_WHAT IS NEEDED_
From the listing below, give again exactly the lines from the line with "тусклый/осветить лампы RGB." to the line with "21일 ~ 2월 19일 일평균", ends included, without any pictures.

** Opening AVAILABLE DATA block **

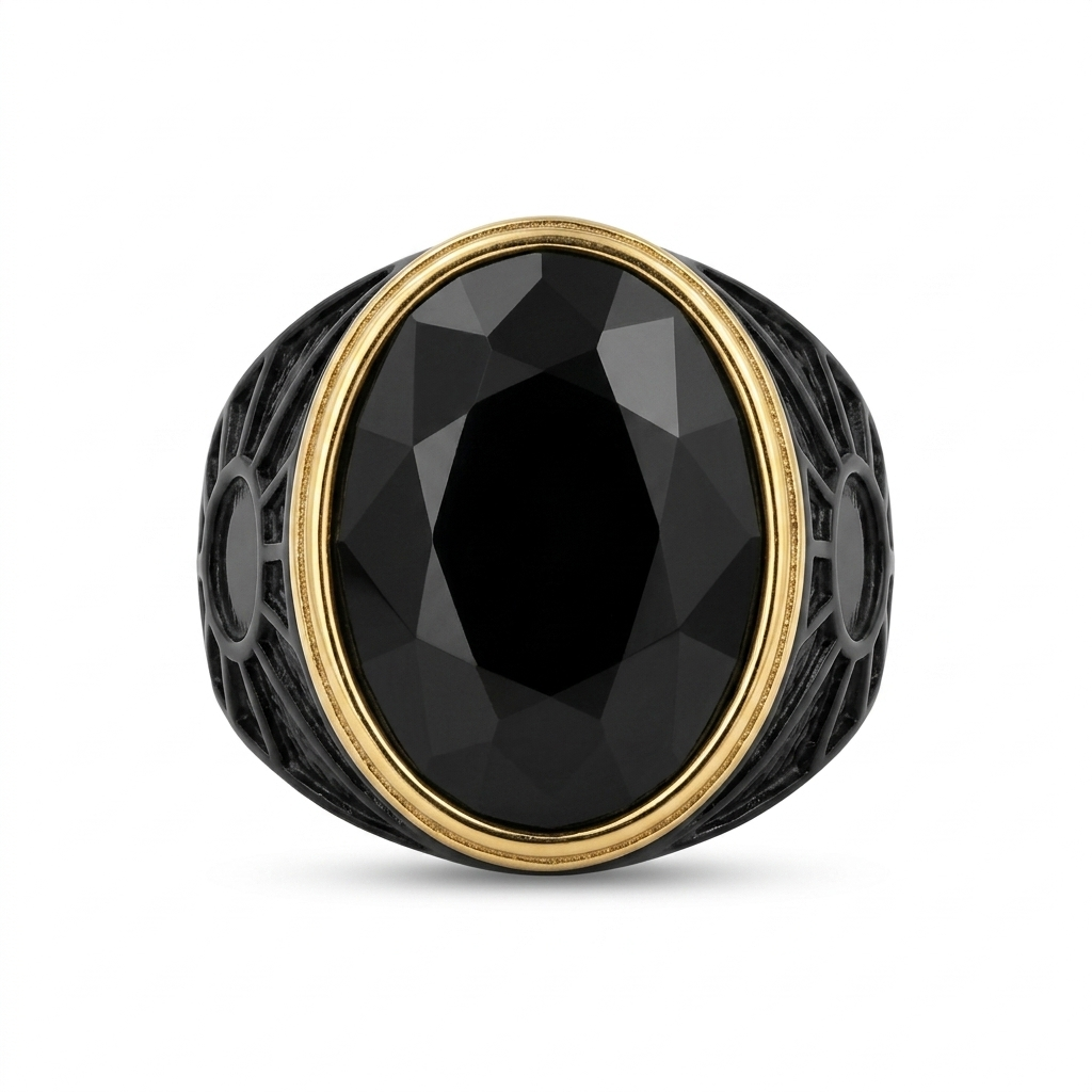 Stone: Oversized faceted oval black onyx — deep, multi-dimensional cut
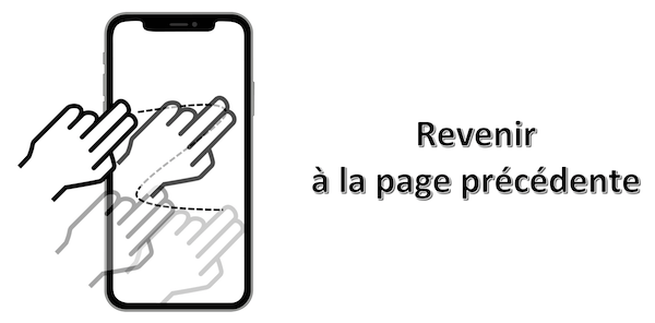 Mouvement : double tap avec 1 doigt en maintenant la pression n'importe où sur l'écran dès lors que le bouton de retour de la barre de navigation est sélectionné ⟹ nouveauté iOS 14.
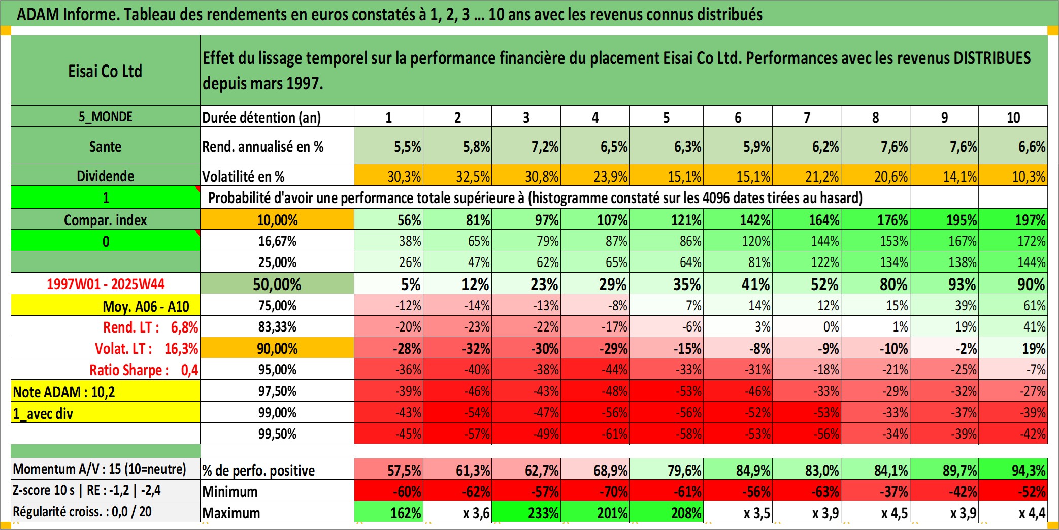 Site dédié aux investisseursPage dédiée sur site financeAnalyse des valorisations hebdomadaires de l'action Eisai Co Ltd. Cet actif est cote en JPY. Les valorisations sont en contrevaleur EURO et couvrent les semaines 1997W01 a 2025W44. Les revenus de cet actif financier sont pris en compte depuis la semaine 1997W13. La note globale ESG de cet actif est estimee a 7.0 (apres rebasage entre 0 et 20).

** Closing AVAILABLE DATA block **
** Opening AVAILABLE DATA block **

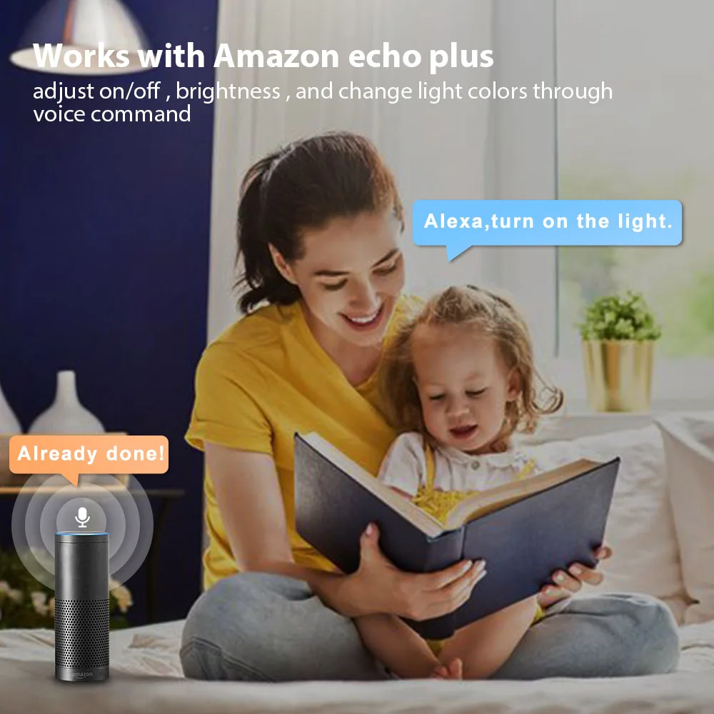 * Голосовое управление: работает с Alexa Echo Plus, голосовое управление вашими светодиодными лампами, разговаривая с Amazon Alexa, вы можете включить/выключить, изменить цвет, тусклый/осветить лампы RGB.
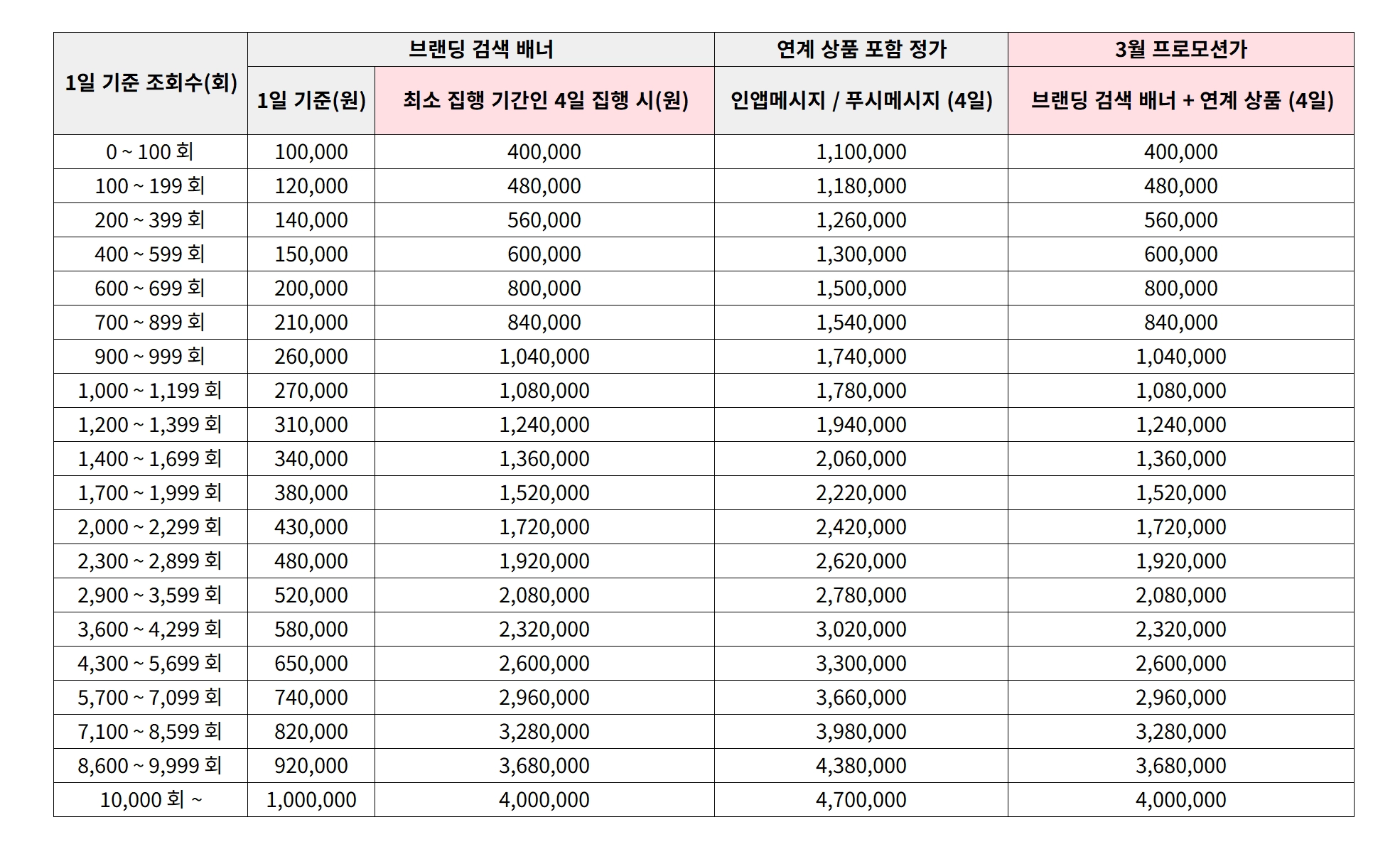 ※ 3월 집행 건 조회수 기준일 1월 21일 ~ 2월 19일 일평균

** Closing AVAILABLE DATA block **
** Opening AVAILABLE DATA block **

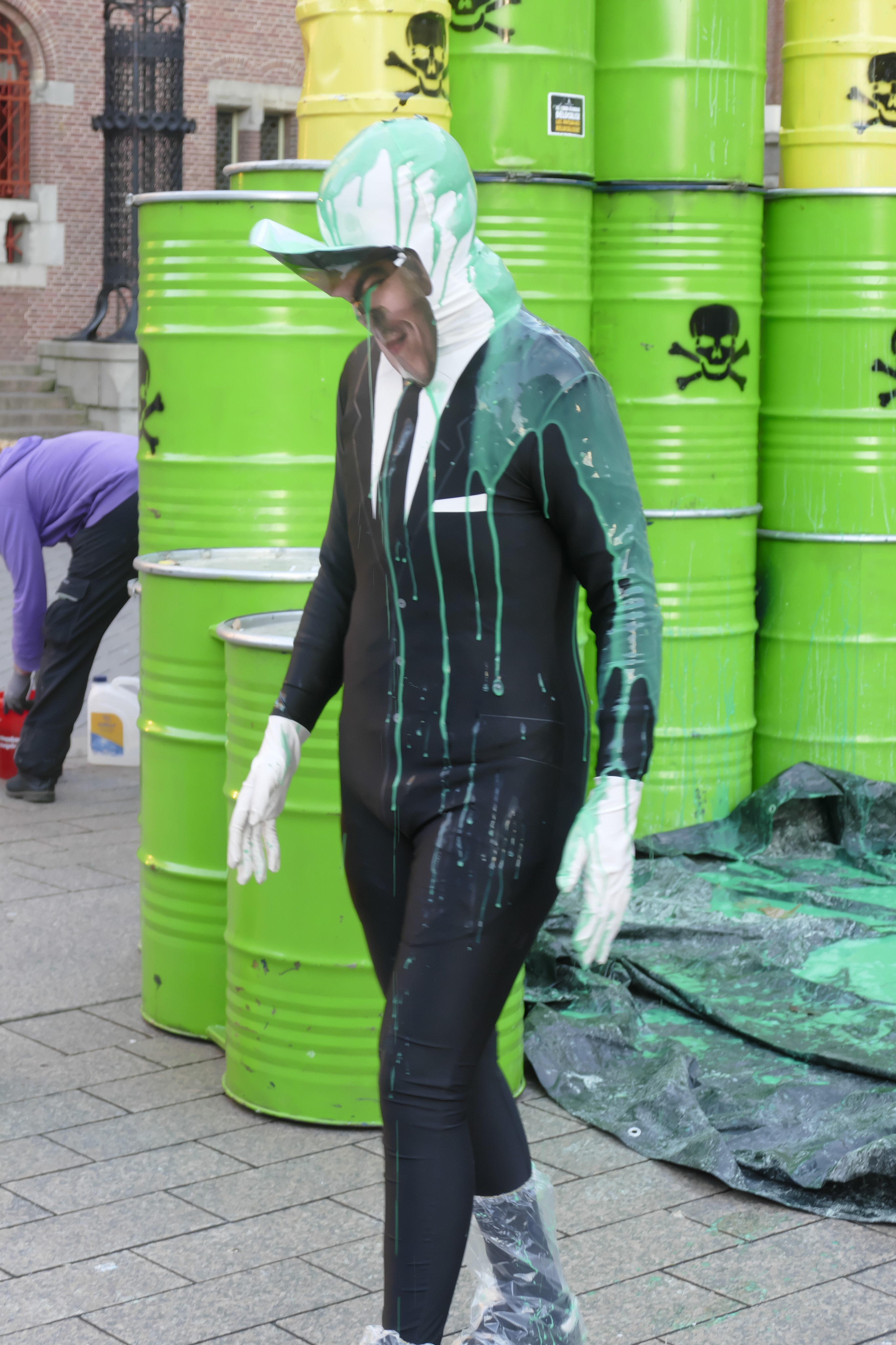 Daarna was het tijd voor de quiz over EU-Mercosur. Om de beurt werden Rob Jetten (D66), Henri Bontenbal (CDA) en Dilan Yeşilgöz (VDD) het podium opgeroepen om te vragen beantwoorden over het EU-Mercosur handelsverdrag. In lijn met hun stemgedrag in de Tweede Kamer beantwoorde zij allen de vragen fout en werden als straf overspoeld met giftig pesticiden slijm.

** Closing AVAILABLE DATA block **

_SOLUTION FOR THIS PROBLEM_
 * Голосовое управление: работает с Alexa Echo Plus, голосовое управление вашими светодиодными лампами, разговаривая с Amazon Alexa, вы можете включить/выключить, изменить цвет, тусклый/осветить лампы RGB.
 ※ 3월 집행 건 조회수 기준일 1월 21일 ~ 2월 19일 일평균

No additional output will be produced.